» Problem statement:
Reproduce each line from the first in the data through the line that contains "Кольца-манжеты из латуни" exactly; give nothing else.

» Provided data:
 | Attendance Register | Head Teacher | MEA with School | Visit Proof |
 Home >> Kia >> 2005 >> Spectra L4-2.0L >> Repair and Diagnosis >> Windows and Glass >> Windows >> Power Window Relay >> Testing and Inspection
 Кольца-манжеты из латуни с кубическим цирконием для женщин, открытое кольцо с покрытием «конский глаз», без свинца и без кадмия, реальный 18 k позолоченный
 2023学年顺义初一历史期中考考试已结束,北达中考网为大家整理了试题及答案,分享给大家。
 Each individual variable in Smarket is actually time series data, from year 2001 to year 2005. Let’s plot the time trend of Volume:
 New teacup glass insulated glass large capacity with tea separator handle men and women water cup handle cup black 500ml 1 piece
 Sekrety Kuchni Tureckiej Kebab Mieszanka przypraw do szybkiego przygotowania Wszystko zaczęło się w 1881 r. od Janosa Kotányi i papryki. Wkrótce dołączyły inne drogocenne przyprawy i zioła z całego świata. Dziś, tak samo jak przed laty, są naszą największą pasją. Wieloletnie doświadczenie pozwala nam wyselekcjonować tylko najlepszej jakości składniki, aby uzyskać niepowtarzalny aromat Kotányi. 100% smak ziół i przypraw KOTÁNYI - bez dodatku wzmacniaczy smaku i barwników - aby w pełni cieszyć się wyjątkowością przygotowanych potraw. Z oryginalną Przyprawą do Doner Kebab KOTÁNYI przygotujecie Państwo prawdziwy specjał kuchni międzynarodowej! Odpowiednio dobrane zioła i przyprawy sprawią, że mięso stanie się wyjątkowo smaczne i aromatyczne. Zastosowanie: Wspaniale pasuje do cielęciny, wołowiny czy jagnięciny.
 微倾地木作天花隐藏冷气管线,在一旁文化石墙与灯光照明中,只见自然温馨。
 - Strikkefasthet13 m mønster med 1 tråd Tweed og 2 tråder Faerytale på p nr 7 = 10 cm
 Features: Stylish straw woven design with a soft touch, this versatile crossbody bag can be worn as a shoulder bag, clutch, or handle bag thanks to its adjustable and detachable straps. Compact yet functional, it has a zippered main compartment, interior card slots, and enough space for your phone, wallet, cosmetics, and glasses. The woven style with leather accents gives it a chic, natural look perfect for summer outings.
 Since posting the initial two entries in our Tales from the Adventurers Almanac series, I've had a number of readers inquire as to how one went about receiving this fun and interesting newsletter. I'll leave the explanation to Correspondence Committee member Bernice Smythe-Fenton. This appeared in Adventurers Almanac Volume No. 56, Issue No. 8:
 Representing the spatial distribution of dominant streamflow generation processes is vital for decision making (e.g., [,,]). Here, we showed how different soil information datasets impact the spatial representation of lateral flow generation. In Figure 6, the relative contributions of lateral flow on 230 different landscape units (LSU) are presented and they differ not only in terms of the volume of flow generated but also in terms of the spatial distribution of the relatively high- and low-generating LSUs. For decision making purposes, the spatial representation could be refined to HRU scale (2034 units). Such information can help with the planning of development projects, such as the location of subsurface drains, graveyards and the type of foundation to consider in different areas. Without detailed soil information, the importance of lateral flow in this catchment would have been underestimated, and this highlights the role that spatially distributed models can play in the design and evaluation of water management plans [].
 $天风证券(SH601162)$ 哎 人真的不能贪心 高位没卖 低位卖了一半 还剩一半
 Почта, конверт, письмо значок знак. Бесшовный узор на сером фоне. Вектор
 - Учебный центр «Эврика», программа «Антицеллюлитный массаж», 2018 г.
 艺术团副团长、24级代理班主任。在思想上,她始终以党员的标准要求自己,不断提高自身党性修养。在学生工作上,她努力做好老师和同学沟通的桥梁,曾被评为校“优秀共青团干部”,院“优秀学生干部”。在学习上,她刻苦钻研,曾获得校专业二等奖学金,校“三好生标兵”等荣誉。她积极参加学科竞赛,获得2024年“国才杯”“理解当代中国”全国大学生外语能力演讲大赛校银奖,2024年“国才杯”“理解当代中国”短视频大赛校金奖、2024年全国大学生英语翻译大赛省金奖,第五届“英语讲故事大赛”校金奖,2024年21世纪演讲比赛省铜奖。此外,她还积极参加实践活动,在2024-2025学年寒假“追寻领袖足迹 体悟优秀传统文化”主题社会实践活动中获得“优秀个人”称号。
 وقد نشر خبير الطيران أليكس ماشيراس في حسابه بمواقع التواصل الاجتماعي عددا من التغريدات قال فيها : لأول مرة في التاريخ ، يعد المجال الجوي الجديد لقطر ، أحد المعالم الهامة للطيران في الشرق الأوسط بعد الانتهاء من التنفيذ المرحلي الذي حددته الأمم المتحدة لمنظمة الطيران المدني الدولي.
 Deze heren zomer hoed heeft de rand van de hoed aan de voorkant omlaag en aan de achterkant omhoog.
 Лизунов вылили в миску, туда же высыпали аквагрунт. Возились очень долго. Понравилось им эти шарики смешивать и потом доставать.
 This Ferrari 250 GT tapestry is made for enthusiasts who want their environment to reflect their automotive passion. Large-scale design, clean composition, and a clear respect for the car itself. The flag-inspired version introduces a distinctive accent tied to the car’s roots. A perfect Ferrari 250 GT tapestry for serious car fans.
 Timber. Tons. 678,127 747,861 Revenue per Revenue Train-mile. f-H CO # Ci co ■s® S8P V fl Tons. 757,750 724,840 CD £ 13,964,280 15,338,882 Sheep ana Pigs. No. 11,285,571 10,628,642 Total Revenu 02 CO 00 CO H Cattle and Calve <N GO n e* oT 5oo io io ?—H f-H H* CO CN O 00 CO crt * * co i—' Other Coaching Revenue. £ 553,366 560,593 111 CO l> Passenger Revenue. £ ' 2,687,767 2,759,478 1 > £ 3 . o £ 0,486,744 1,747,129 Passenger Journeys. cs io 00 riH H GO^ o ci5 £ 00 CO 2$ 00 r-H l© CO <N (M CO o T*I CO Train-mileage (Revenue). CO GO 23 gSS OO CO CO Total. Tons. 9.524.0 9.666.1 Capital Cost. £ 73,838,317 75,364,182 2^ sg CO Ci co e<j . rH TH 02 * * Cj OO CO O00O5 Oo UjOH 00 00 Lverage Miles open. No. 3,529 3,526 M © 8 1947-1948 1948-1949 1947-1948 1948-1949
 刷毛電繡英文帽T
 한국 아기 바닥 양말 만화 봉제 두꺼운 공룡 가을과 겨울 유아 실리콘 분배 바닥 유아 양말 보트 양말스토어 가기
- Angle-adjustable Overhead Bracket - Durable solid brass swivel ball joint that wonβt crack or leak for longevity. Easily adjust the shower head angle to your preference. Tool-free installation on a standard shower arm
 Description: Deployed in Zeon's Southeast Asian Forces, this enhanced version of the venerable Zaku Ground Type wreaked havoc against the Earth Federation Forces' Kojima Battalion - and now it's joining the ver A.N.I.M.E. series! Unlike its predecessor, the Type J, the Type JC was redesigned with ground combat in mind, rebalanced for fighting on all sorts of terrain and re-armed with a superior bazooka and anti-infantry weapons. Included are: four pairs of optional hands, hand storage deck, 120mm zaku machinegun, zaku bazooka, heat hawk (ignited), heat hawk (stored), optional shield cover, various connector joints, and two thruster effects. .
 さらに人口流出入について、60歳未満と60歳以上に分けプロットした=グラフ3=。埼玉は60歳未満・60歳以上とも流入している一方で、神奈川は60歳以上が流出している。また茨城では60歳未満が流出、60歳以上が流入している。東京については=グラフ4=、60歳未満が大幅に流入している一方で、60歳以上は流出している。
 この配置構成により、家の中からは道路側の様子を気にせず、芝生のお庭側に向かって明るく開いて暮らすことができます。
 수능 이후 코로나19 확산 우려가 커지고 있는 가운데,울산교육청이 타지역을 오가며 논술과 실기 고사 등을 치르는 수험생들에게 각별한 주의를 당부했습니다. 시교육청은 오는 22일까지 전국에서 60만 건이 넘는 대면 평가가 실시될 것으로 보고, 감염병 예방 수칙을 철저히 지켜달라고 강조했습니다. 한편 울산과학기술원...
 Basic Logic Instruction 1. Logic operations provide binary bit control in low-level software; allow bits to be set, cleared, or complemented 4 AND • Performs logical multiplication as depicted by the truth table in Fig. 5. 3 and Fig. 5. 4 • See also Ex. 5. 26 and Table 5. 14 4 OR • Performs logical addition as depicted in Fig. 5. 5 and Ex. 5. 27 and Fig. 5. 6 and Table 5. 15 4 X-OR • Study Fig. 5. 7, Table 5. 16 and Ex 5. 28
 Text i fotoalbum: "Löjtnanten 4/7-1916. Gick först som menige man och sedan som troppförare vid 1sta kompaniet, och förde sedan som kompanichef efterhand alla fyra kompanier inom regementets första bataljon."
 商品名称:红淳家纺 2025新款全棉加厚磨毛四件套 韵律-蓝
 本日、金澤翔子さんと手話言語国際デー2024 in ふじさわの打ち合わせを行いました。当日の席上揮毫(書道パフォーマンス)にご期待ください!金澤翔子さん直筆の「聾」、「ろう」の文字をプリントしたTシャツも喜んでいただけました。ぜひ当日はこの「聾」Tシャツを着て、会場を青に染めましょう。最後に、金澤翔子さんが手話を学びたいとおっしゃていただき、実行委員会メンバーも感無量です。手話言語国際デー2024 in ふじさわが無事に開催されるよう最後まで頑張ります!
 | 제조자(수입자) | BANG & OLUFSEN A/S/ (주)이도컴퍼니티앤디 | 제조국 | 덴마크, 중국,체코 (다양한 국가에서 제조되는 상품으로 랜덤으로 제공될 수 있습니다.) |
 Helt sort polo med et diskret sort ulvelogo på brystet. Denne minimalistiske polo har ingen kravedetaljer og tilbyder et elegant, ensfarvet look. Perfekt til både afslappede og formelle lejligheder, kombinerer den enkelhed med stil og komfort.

» Written answer:
 | Attendance Register | Head Teacher | MEA with School | Visit Proof |
 Home >> Kia >> 2005 >> Spectra L4-2.0L >> Repair and Diagnosis >> Windows and Glass >> Windows >> Power Window Relay >> Testing and Inspection
 Кольца-манжеты из латуни с кубическим цирконием для женщин, открытое кольцо с покрытием «конский глаз», без свинца и без кадмия, реальный 18 k позолоченный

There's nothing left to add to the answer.